Life is to be lived, loved, and laughed at.
Give yourself the freedom and spontaneity to try, without concern for the future.
Try everything, and in trying we will find the answers.
I sometimes wonder if I should be doing one or the other.
Should I be dedicating my time to writing these articles and working as a part-time mentor which I so much enjoy? Or should I concentrate on my own startup? I preach that we should follow our purpose, what we love, and the route with the least spiritual resistance, and yet I also preach that we should persevere. I do, I carry on with my startup against all odds, against all statistics. I work it because it is still part of my journey, my passion, life, blood, and love. I persevere allowing myself some rest time and I feel guilty at times as I am not giving it my full attention. It is My dilemma. It is my fear.

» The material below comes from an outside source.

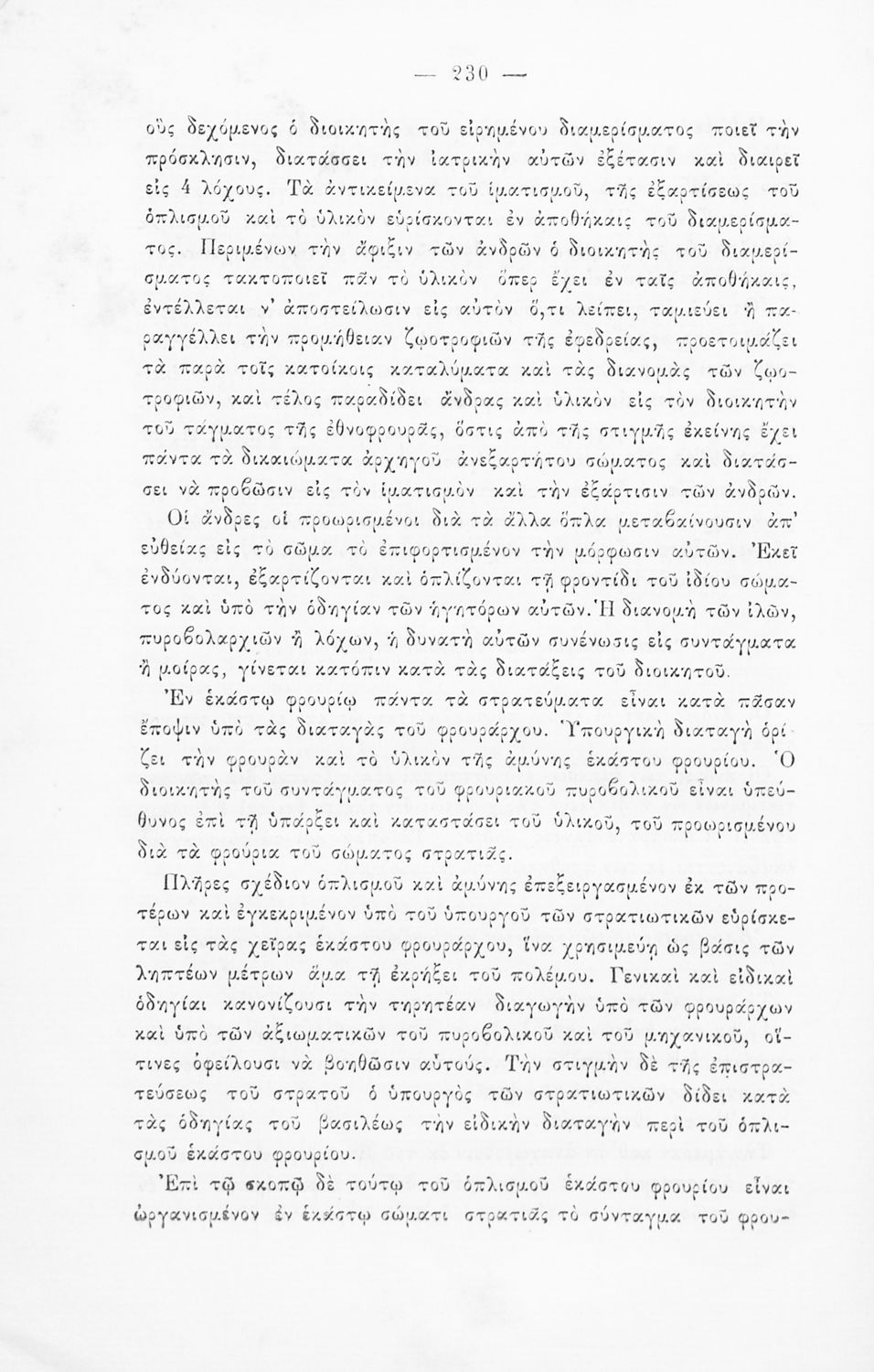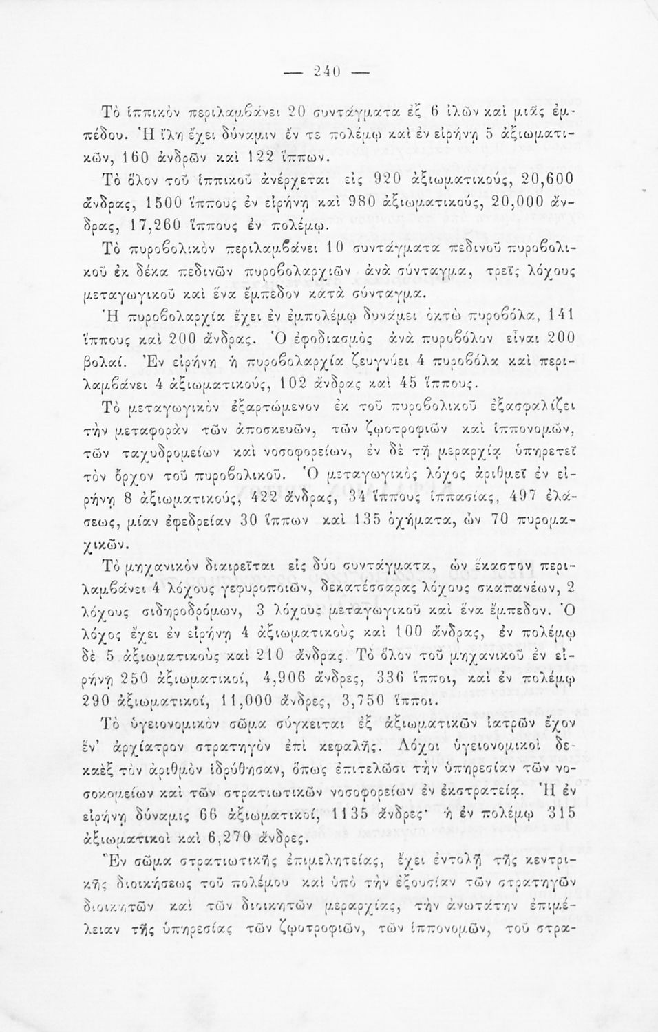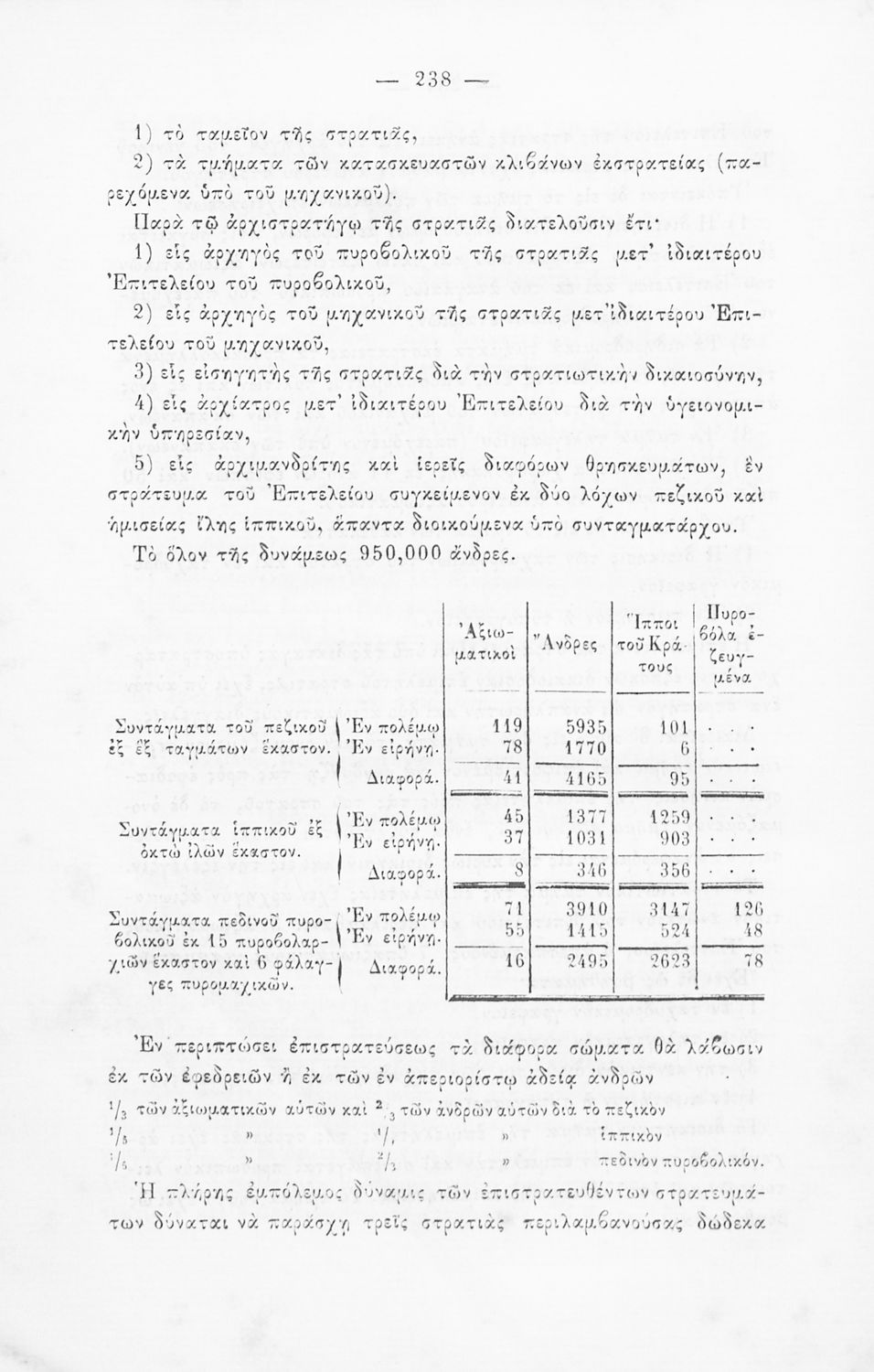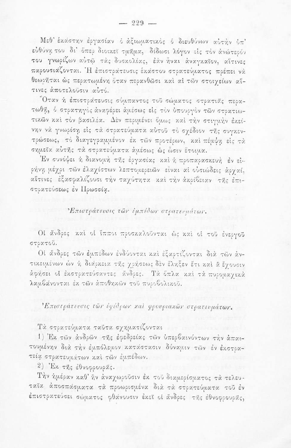 Παρουσίαση περιεχομένου: Εγχειρίδιο, μεταφρασμένο από τα Γαλλικά, που στόχο είχε τη διδασκαλία του στρατιωτικού συστήματος ορισμένων κρατών της Ευρώπης στη Στρατιωτική σχολή των Ευελπίδων. Στο βιβλίο παρουσιάζεται η δομή των στρατιωτικών οργανισμών και τα συστήματα στρατολόγησης των διαφόρων χωρών.

Most of what I have written so far is what I took from Shirley MacLaine’s book “Dance while you can”.
Shirley called herself a fellow student of life and that is how I feel. She believed that we are the product of our parent’s nightmares and dreams. We are influenced by their fears. She explains how her parents would talk about saving for the worst scenario. I so much identify with that. My parents lived through the war in Iran. While my father was a giver and he made sure that we lived a comfortable life, he also worried. My mother would tell me how much he worried and I must have learnt to worry and in defiance of his worry, I would try to show him that I wasn’t going to be influenced by that. Yet somewhere along the line I also would worry. I also wonder how much of this worry I instilled in my step son and I try my very best to avoid that with my daughter.

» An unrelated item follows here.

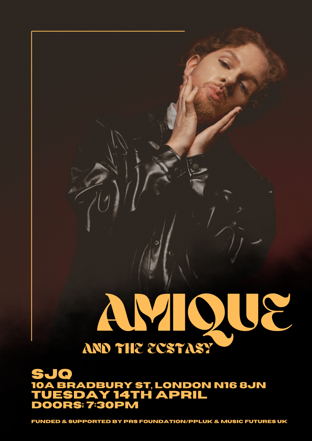 A singer, songwriter, producer and multi-instrumentalist, Amique’s work sits between soul, jazz and R&B, with songs led by feel, groove and formidable storytelling. His music carries the influence of Stevie Wonder, Prince, Hiatus Kaiyote and Erykah Badu, but the live show is very much his own — intimate, dynamic and deeply connected.
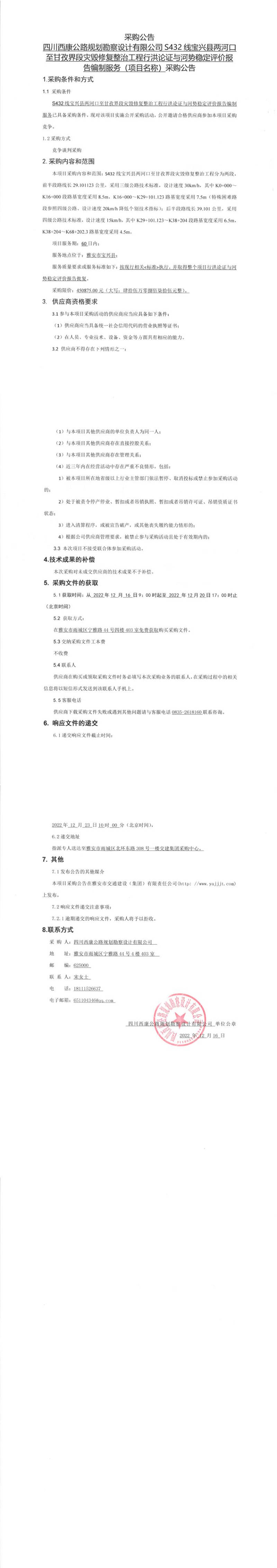 四川西康公路規(guī)劃勘察設(shè)計有限公司S432線寶興縣兩河口至甘孜界段災(zāi)毀修復(fù)整治工程行洪論證與河勢穩(wěn)定評價報告編制服務(wù)(項目名稱)采購公告

Like Shirley, I would wake up one morning focused on a small issue in my life, focus on it, and magnify it until it blows out of proportion and I would need to find a solution.

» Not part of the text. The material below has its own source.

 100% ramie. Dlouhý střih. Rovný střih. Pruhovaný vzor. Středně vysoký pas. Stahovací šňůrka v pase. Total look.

That solution I found in another book “You Are Love” by Tomas Nesnidal. Everything seems to just come together. I had lunch with Tomas a few days ago. We talked about some of our struggles, and he talked about he once let go and surrendered, and it all started working. I have known this. Every time I let go, every time I surrender and just accept, every time I let go of the future and enjoy the day, everything unfolds.
I hang on to the past and save for the future, sacrificing today in the process.
I doubt myself, I doubt my inner wisdom, I doubt my potential.
Only if I could fully let go and just love.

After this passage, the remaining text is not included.